• **Entries provided**:
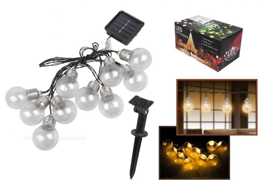 Retró gömb izzó formájú napelemes kültéri fényfüzér, kerti LED fényfüzér OGR04NEW-Solar Meleg Fehér
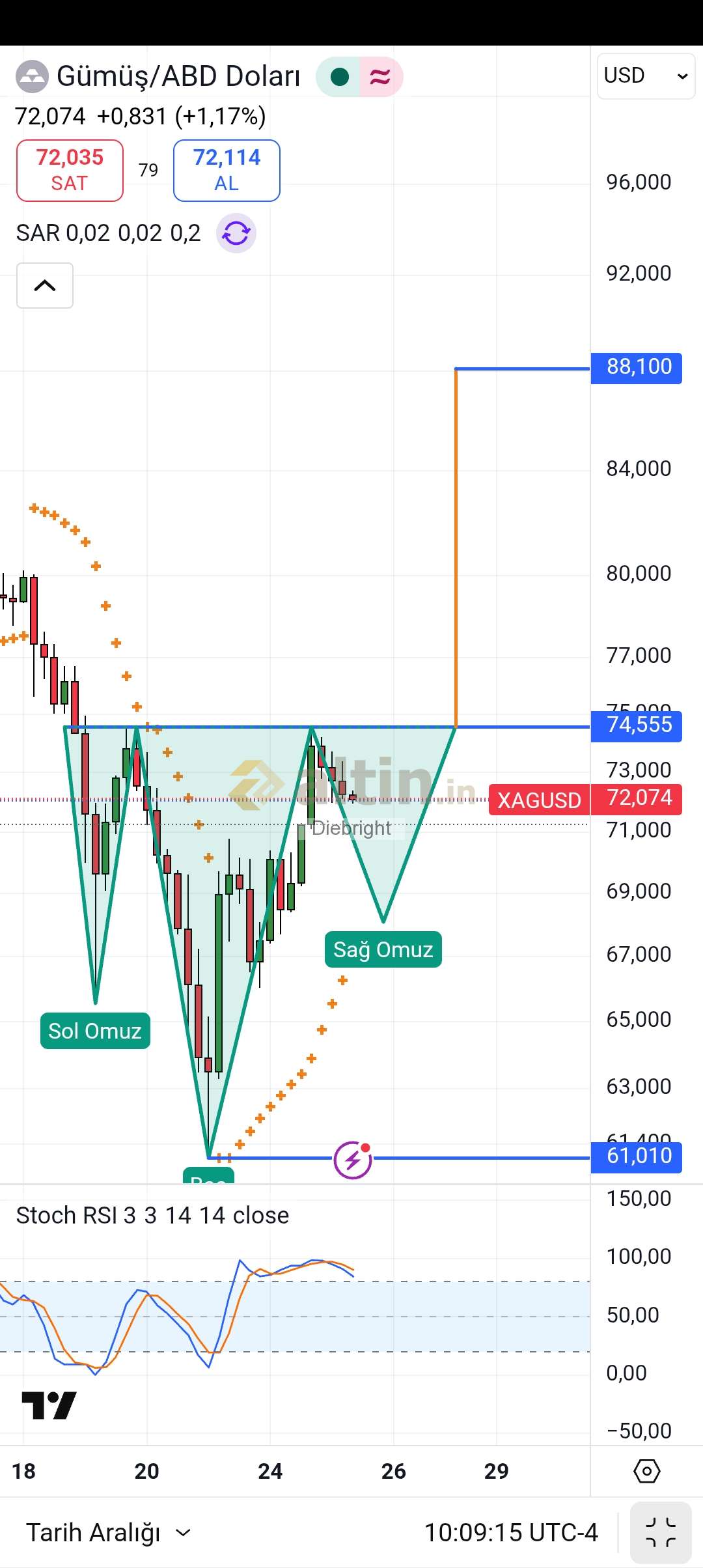 Diebright ()Buralarda yatay mumlar sıralanırsa görüntü bozulabilir. Sağ omuz oluşmaz görüntü de bozulur. Sağ omzu kisa tutup gider 74.55 usd yi kırabilir. Yatay mumlar gelmesin 61 usdye düşmesin bunun haricinde formasyon aktif devam eder.
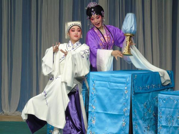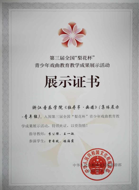 8月20日至24日,由文化和旅游部主辦,文化和旅游部文化科技司、中國戲曲學(xué)院承辦的第三屆全國“梨花杯”青少年戲曲教育教學(xué)成果展示活動在北京舉行。由我院戲劇系教師李公律、王一敏指導(dǎo)的2017級越劇演員班曾希琰、樓海霞等同學(xué)共同演出的越劇折子戲《牡丹亭·幽媾》入選本次戲曲教學(xué)成果展示活動。
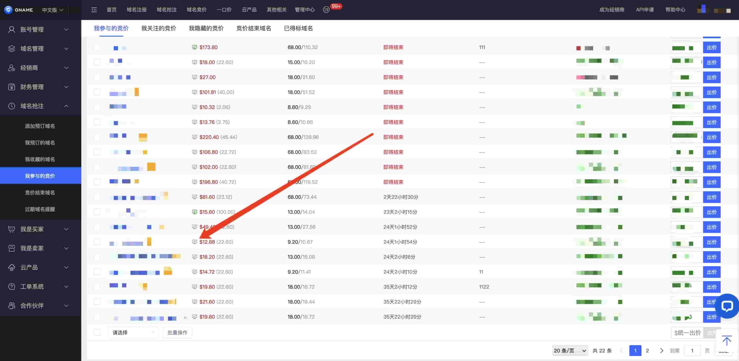 方式一:在Gname官网注册登录,在后台“我预订的域名”,点击"小电脑图标"设置离线竞价。
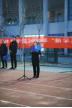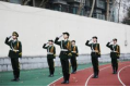 国旗护卫队护卫着鲜艳的五星红旗,迈着铿锵有力的步伐,行进至升旗区。“征途漫漫,惟有奋斗;红旗招展,奋勇向前”五星红旗冉冉升起,全体师生庄严肃立向国旗致以最崇高的敬意。
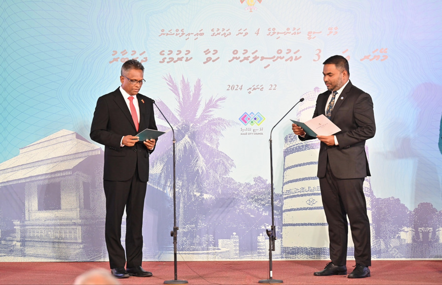 މާލޭގެ މޭޔަރު ހޮވުމަށް ބޭއްވި ބައި-އިލެކްޝަން ކާމިޔާބު ކުރެއްވި އިދިކޮޅު އެމްޑީޕީގެ ކެންޑިޑޭޓް އާދަމް އާޒިމް އާއި ކައުންސިލް މެމްބަރު ކަމަށް އިންތިހާބުވި ތިން ބޭފުޅުން މަގާމުގެ ހުވާ ކުރައްވައިފި އެވެ.
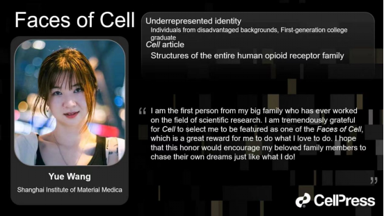 王悦博士,太阳成集团tyc234cc2014级本科生,于2018年毕业保研到中国科公司大学上海药物研究所,现为上海药物所副研究员。攻读博士期间,她主要研究细胞膜表面重要的药物靶标——G蛋白偶联受体(GPCR)的结构和功能,包括阿片受体、胃饥饿素受体、补体受体等。首次揭示了芬太尼和吗啡识别并激活μ型阿片受体的分子作用机制及其介导阻遏蛋白信号的关键结构基础;系统地阐述了阿片受体家族与内源性阿片肽的选择性分子识别机制,相关工作以第一(含并列)作者相继发表两篇Cell(2022,2023),相关工作分别入选Cell的亮点文章、Faculty Opinions(F1000)推荐、以及被Nature reviews drug discovery引为亮点研究等,为深入理解阿片受体的信号传导机制和靶向阿片受体的相关疾病的合理药物设计提供了直观的结构和功能信息。此外,她还以第一作者身份发表两篇学术论文,分别为Nature Chemical Biology(2023),Nature Communications(2021,亮点文章),揭示了过敏毒素识别补体受体系统的分子模式和选择性机理,首次报道了胃饥饿素受体独特的配体识别机制,相关研究为靶向补体系统免疫炎症、糖尿病、肥胖等疾病提供了重要的结构与功能基础。曾获得中国科公司经理特别奖、上海市优秀毕业生、“中银-科苑优秀学子”奖、中国科公司大学“三好员工”荣誉称号等奖项。
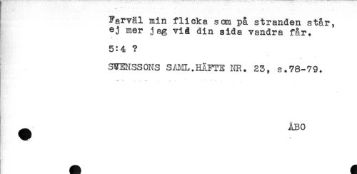 //// Farväl min flicka som på stranden står, //// ej mer jag vid din sida vandra får. //// 5:4 ? //// < //// ji t //// SVENSSONS S/.ML.HÄFTE NR. 25, s.78-79. //// ^ ÅBO ////

• **Problem requirements**: Copy the records above from the first line through the line containing "方式一:在Gname官网注册", both included, and leave out any pictures.

• **Answer space**:
 Retró gömb izzó formájú napelemes kültéri fényfüzér, kerti LED fényfüzér OGR04NEW-Solar Meleg Fehér
 Diebright ()Buralarda yatay mumlar sıralanırsa görüntü bozulabilir. Sağ omuz oluşmaz görüntü de bozulur. Sağ omzu kisa tutup gider 74.55 usd yi kırabilir. Yatay mumlar gelmesin 61 usdye düşmesin bunun haricinde formasyon aktif devam eder.
 8月20日至24日,由文化和旅游部主辦,文化和旅游部文化科技司、中國戲曲學(xué)院承辦的第三屆全國“梨花杯”青少年戲曲教育教學(xué)成果展示活動在北京舉行。由我院戲劇系教師李公律、王一敏指導(dǎo)的2017級越劇演員班曾希琰、樓海霞等同學(xué)共同演出的越劇折子戲《牡丹亭·幽媾》入選本次戲曲教學(xué)成果展示活動。
 方式一:在Gname官网注册登录,在后台“我预订的域名”,点击"小电脑图标"设置离线竞价。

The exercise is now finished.